Tuesday afternoon I battled depression. I struggled with thoughts of self-harm and kept crying.
Tuesday night I went to a craft night at a library and happily did some screenprinting. I was completely in the moment, enjoying the art I was creating.
Wednesday morning I took my elderly client (I’m her caregiver) to an exercise class. I love that class and its instructor. I talked to the instructor about my drive to fight the stigma of mental illness. The instructor talked about how I inspire her.
Wednesday night I led a poetry group for people with mental illness. We read a poem together and we all wrote inspirational poems to ourselves. I wrote a poem to my former self and it felt healing. One of the women there told me that I gave her hope.
Thursday morning I overslept due to a new psych med which makes me too drowsy.
Thursday afternoon I drove to a park for more birding and photography. When I got home, my husband and I watched a movie, then caught up on our TV shows. We got angry about the people on Big Brother and happily watched GLOW on Netflix.
Friday for work I took my elderly client for a walk in a park and out to lunch. Then we got ice cream and ate it at the overlook of a waterfall. She was really happy.
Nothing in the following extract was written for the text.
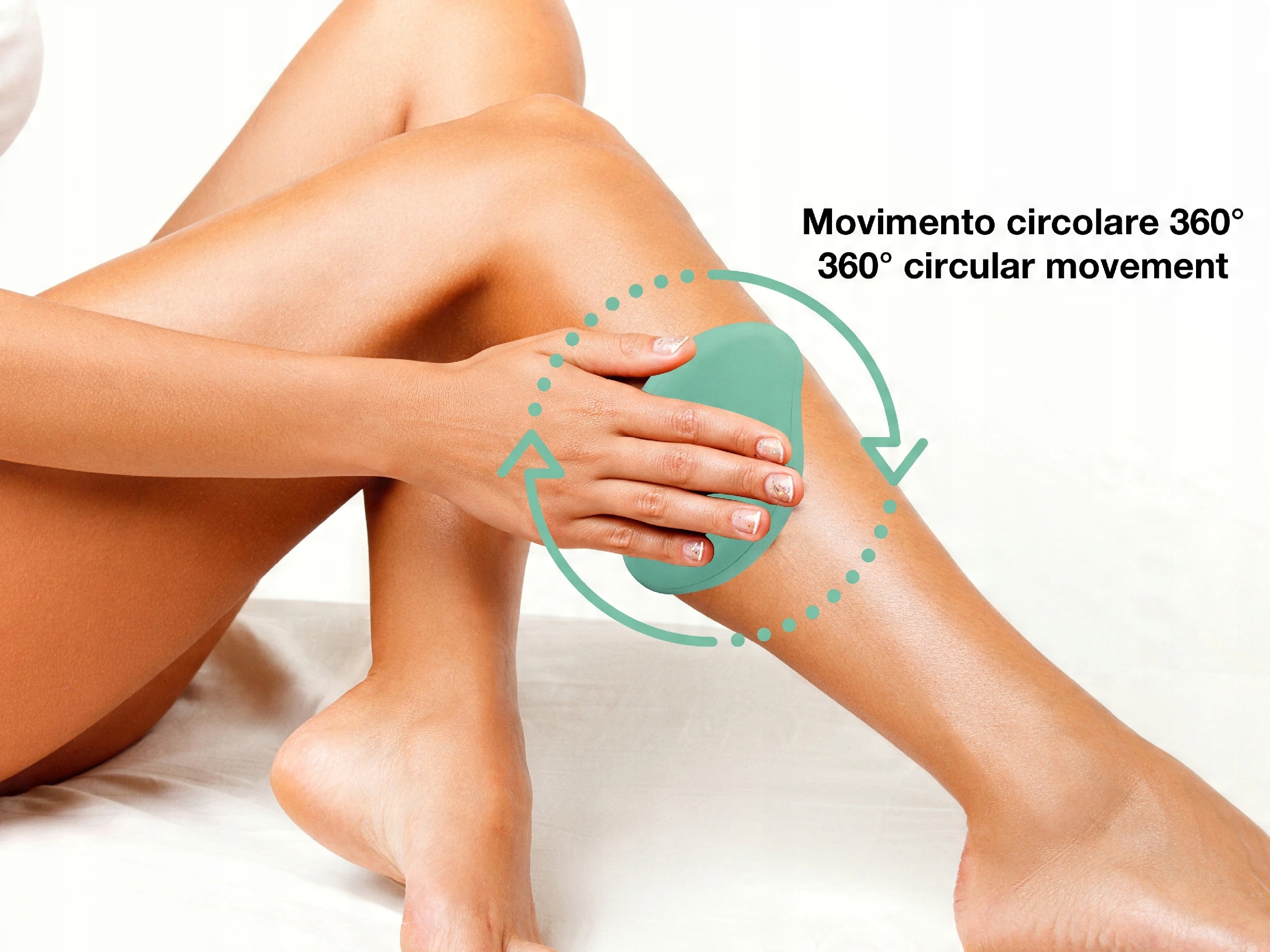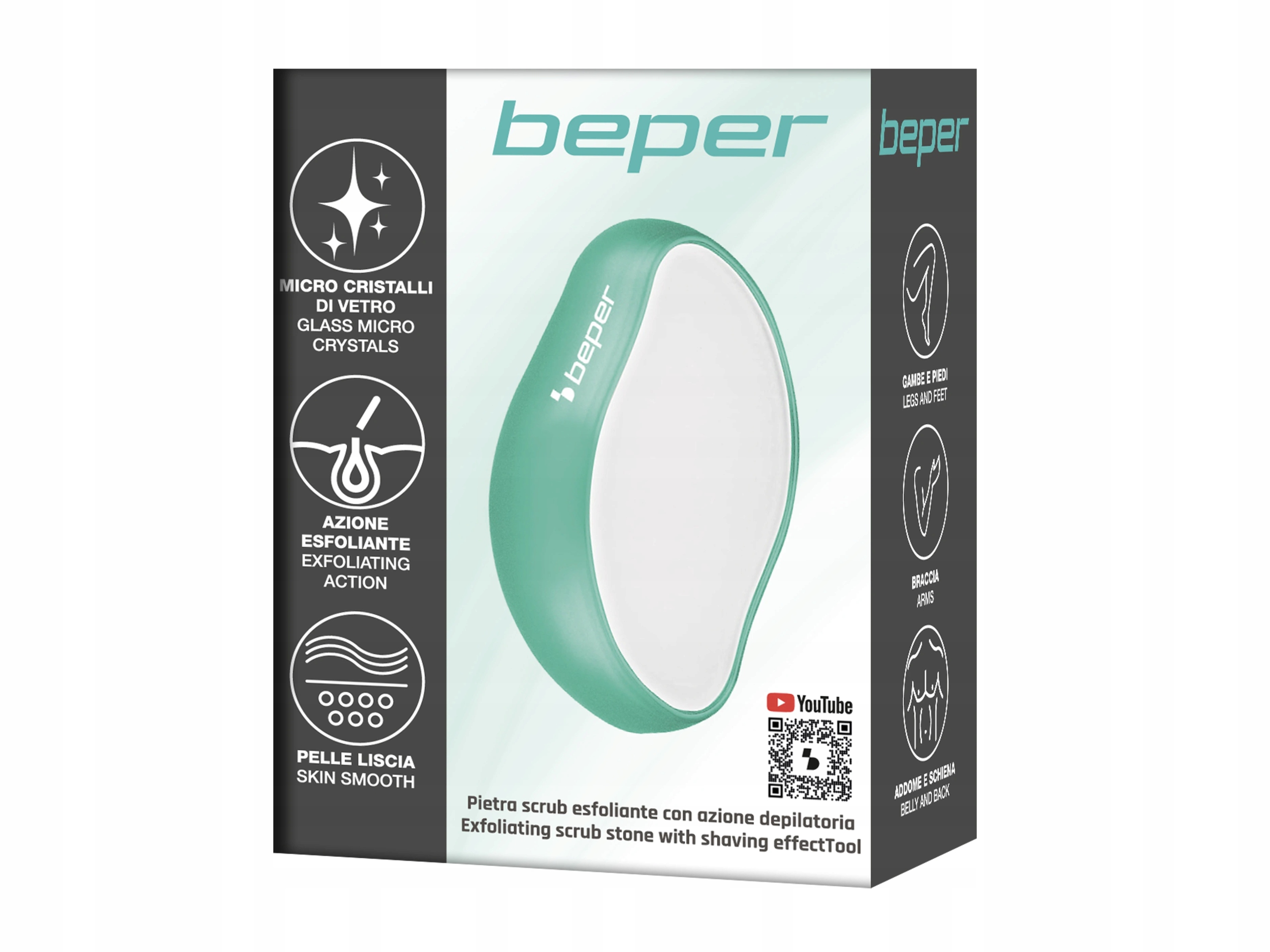 Отшелушивающий пилинг камень с депиляционным эффектом. Благодаря эффекту стеклянных микрокристаллов, это оставляет кожу более мягкой и гладкой. Удаляет мертвые клетки кожи и предотвращает вросшие неприятные волосы. Помогает легко и эффективно удалить существующие волосы
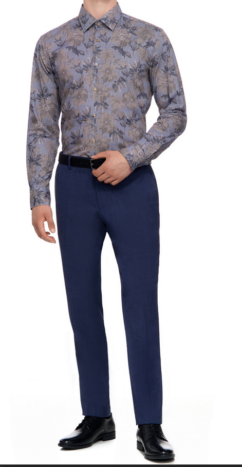 Une chemise business Slim Fit en popeline de coton stretch à carreaux ornée d’un motif à fleurs moderne, signée BOSS Homme.

Friday afternoon my husband and I played a complex board game. I was having a hard time in the game. It seemed like I couldn’t get any of my plans to work. Suddenly I realized my husband was about to block an important move I planned to make. I panicked. I yelled at my husband. I was shaking and starting to have a panic attack. Finally I was able to calm myself and finish the game.
Then we made dinner and I was “normal” again.
95% of the time I seem normal. I am able to do well in grad school and work. I have a stable marriage and friendships. But then I have secret mental health episodes that are hard to predict and control.
It’s just my life with high-functioning severe mental illness.